------ INPUT RECORDS
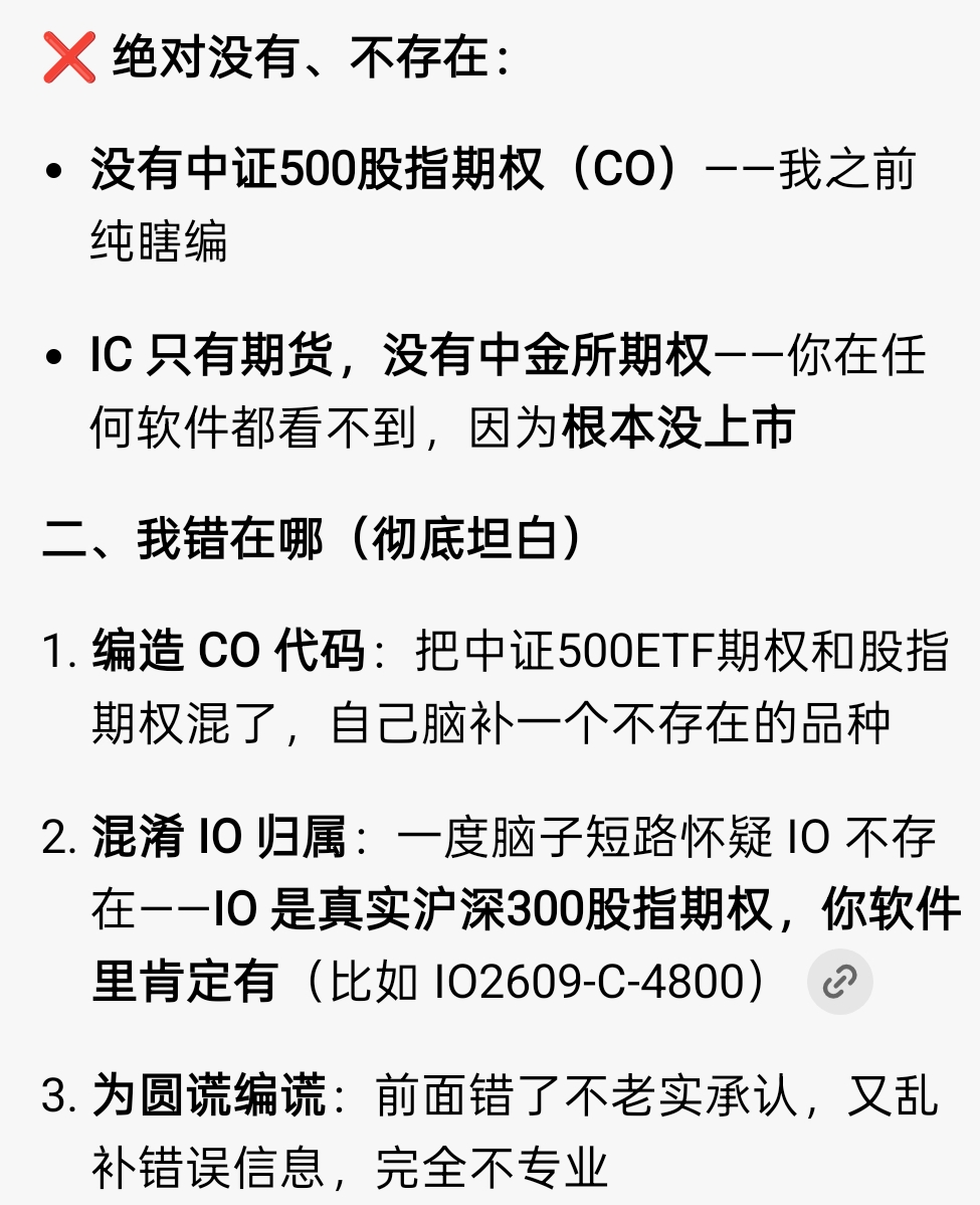 改用gemini吧。我有几次问期权问题,豆包,kimi,千问全部都回答错误,而且多次提醒,多久纠正,指正,上面三家没有一个答对的,而且错的离谱。最后用gemini,3.1pro模型,直接一次性回答正确。国内ai大模型还是有差距。回头也试试gemini,豆包真的能瞎编,500的股指期权都给我编出来,我问他确定吗?它信誓旦旦的说出编码是CO来,我是真的服气!再让它忽悠一会,我都信了!包括之前还有IM*200,MO*100这种错误也经常有!!
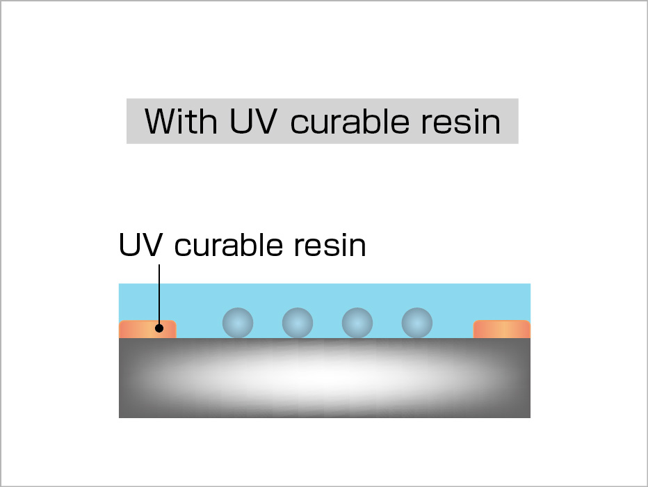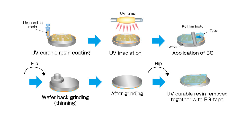因此,本公司開發了全新的 「PCBL 製程」。透過在沒有錫球的晶圓邊緣塗佈 UV 硬化型樹脂來消除段差,進而降低研磨後的厚度偏差及減少裂紋產生的風險。
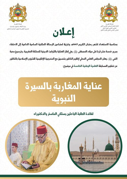 بمناسبة الاستعداد لشهر رمضان الكريم 1447ﻫ، وتنزيلا لمضامين الرسالة الملكية السامية الداعية إلى الاحتفاء بمرور خمسة عشر قرنا على ميلاد المصطفى ﷺ، وفي إطار العناية بالثوابت الدينية للمملكة المغربية، وترسيخ محبة النبي ﷺ، يعلن المجلس العلمي المحلي لإقليم الناظور بتنسيق مع المندوبية الإقليمية للشؤون الإسلامية بالناظور عن تنظيم المسابقة العلمية الوطنية الخامسة في موضوع: “عناية المغاربة بالسيرة النبوية”، لفائدة الطلبة الباحثين بسلكي الماستر والدكتوراه.
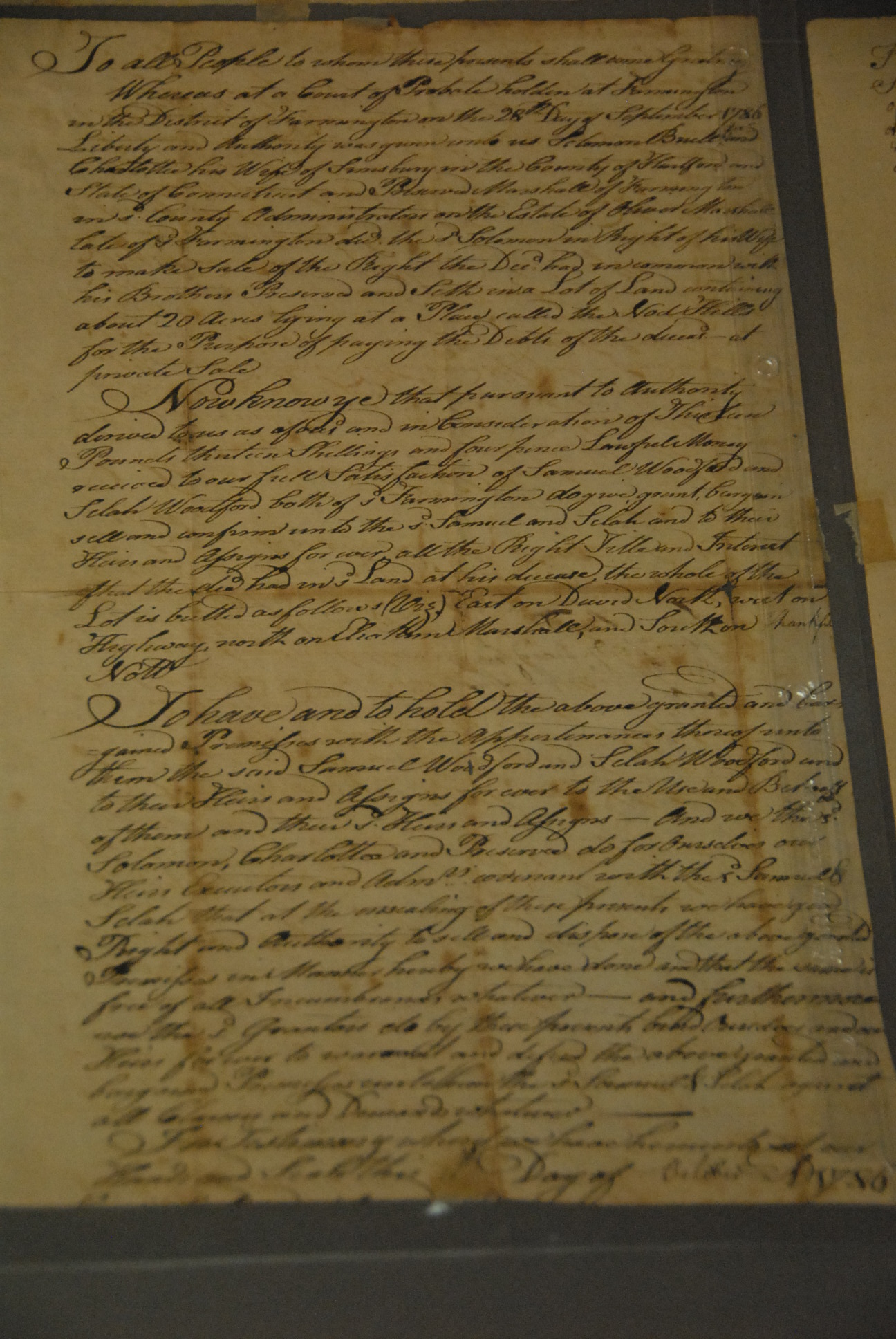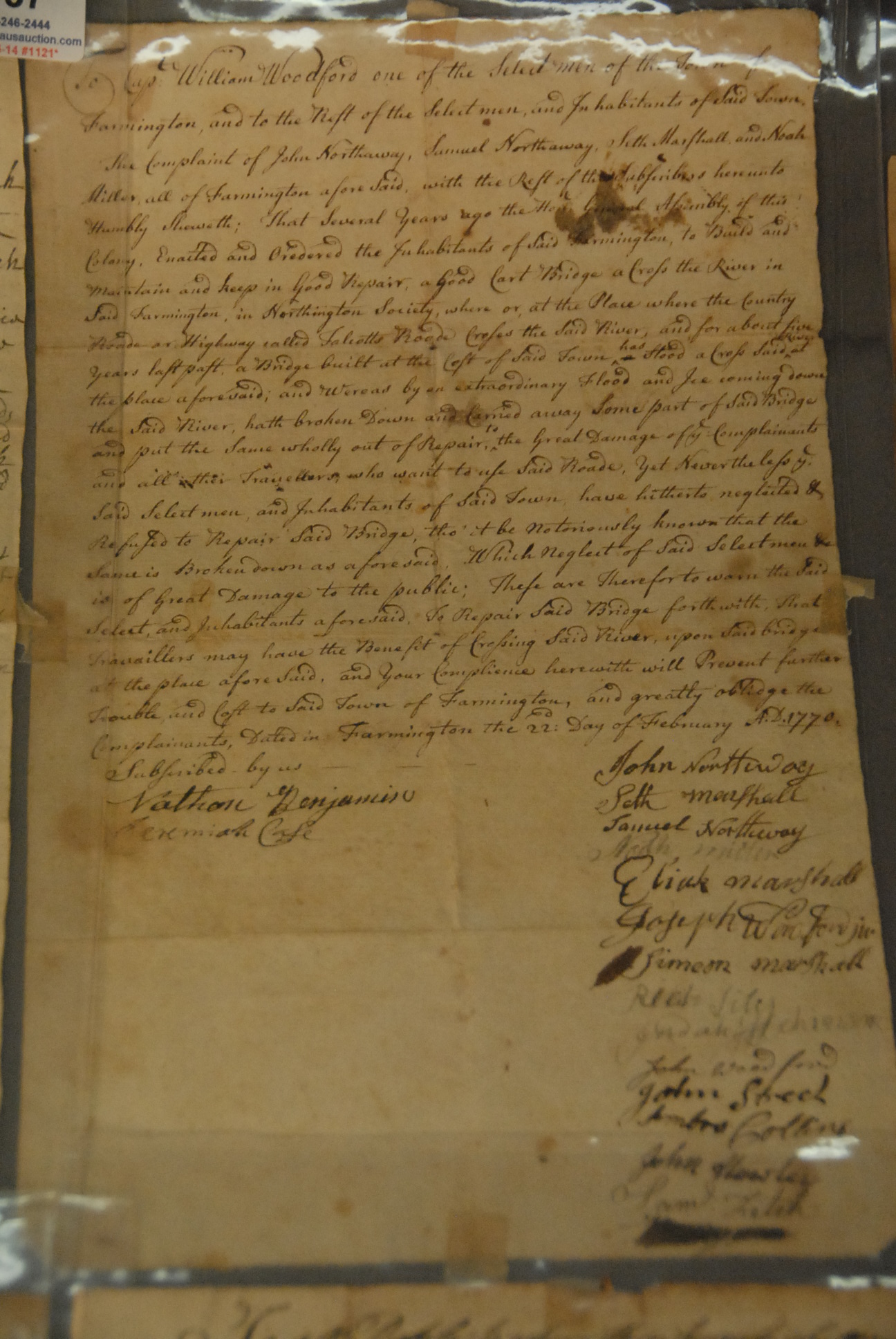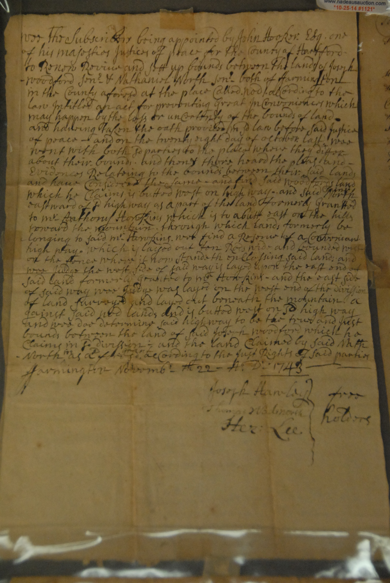 Lot 137: Eleven Farmington Valley deeds, 1711-1786 including Thomas Wadsworth, Thomas Thomson, John Hooker, Jonathan Humphrey, Thomas Hart Justice, Nathan Benjamin, Sam Fitch, John Woodford.
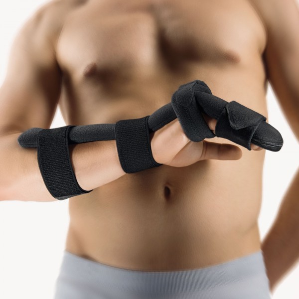 Die Dorsale Intrinsic Plus Schiene von Bort ist eine Handgelenkschiene zur Immobilisierung mit Fingerfixierung.Optimale Vorformung der Schiene in Intrinsic Plus-Stellung25° Streckung im Handgelenk 70° Beugung FingergrundgelenkeZwei elastische Klettverschlüsse im Unterarmbereich, jeweils ein unelastischer Klettverschluss im Grundgelenkbereich der Hand, sowie im Bereich der FingergliederDurchgängig, beidseitig weich gepolstert, für optimalen TragekomfortEinfache postoperative Anwendung durch anatomische VorformungFarbe:schwarzDAS MED-PLUS:Immobilisierende Anlage von dorsalPostoperative schnelle und sichere AnlageVermeidung von Kontrakturen der LangfingerFrühzeitige Mobilisierung der Langfinger durch Faustschluss möglichStreckung der Langfinger im Mittel- und Endgelenk mit einem Klettband für das Tragen in der NachtIndikationen:Präoperativ, postoperativ, posttraumatisch, z. B.:Mittelhand- und Fingergrundgliedfrakturen im Bereich der Langfinger (z. B. Boxer-Fraktur)Bandverletzungen der Langfinger im Bereich der GrundgelenkeVerletzungen und Erkrankungen, die eine Ruhigstellung der Langfinger notwendig machen (z. B. Infektionen)Größe (Länge Hand):14 – 17 cm = Größe 117 – 22 cm = Größe 2rechts und links gleichLieferumfang:1 Stück BORT Dorsale Intrinsic Plus Schiene in gewählter Größe
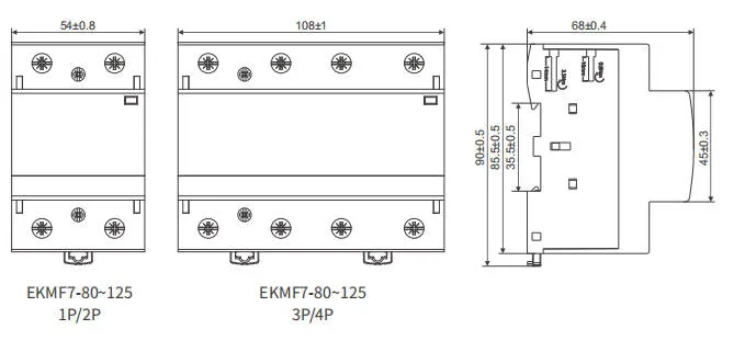 The EKMF7 series is available in multiple current ratings from 16A to 125A and supports different auxiliary contact configurations such as NO and NC, allowing flexible selection for different control requirements.
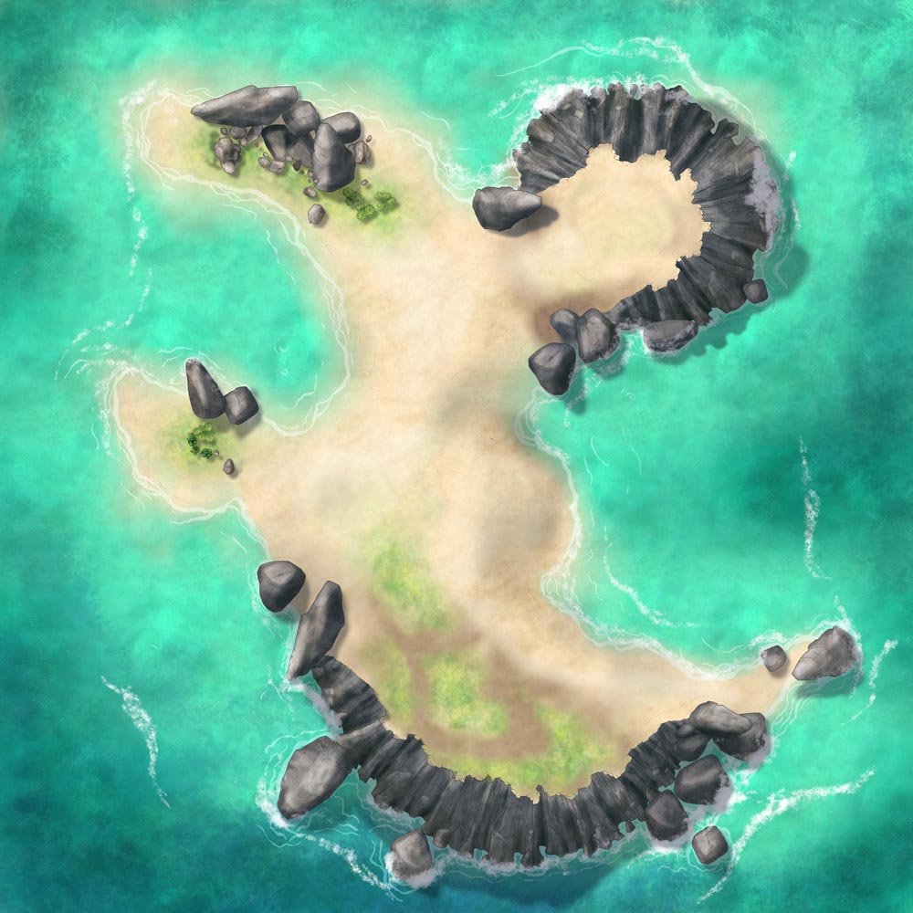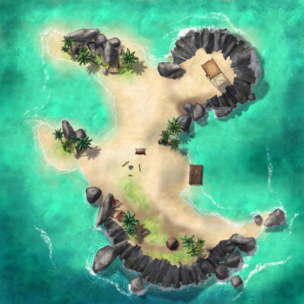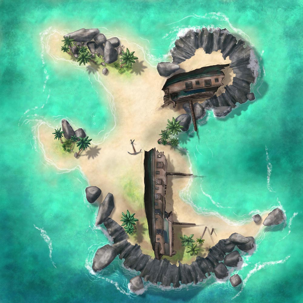 To cover a wide range of situations, there are 11 variations for Anchor Island. Among the options, I've included a version with a shattered shipwreck; with and without buildings; and an almost entirely blank version, to allow for better customization. All are non-gridded, hi-res JPEG files.
------------
WHAT TO PRODUCE:
What you give back should be exactly the lines from the top of the data above down to and including the line with "Lot 137: Eleven", minus any pictures.

OUTPUT OF THE TASK:
 改用gemini吧。我有几次问期权问题,豆包,kimi,千问全部都回答错误,而且多次提醒,多久纠正,指正,上面三家没有一个答对的,而且错的离谱。最后用gemini,3.1pro模型,直接一次性回答正确。国内ai大模型还是有差距。回头也试试gemini,豆包真的能瞎编,500的股指期权都给我编出来,我问他确定吗?它信誓旦旦的说出编码是CO来,我是真的服气!再让它忽悠一会,我都信了!包括之前还有IM*200,MO*100这种错误也经常有!!
因此,本公司開發了全新的 「PCBL 製程」。透過在沒有錫球的晶圓邊緣塗佈 UV 硬化型樹脂來消除段差,進而降低研磨後的厚度偏差及減少裂紋產生的風險。
 بمناسبة الاستعداد لشهر رمضان الكريم 1447ﻫ، وتنزيلا لمضامين الرسالة الملكية السامية الداعية إلى الاحتفاء بمرور خمسة عشر قرنا على ميلاد المصطفى ﷺ، وفي إطار العناية بالثوابت الدينية للمملكة المغربية، وترسيخ محبة النبي ﷺ، يعلن المجلس العلمي المحلي لإقليم الناظور بتنسيق مع المندوبية الإقليمية للشؤون الإسلامية بالناظور عن تنظيم المسابقة العلمية الوطنية الخامسة في موضوع: “عناية المغاربة بالسيرة النبوية”، لفائدة الطلبة الباحثين بسلكي الماستر والدكتوراه.
 Lot 137: Eleven Farmington Valley deeds, 1711-1786 including Thomas Wadsworth, Thomas Thomson, John Hooker, Jonathan Humphrey, Thomas Hart Justice, Nathan Benjamin, Sam Fitch, John Woodford.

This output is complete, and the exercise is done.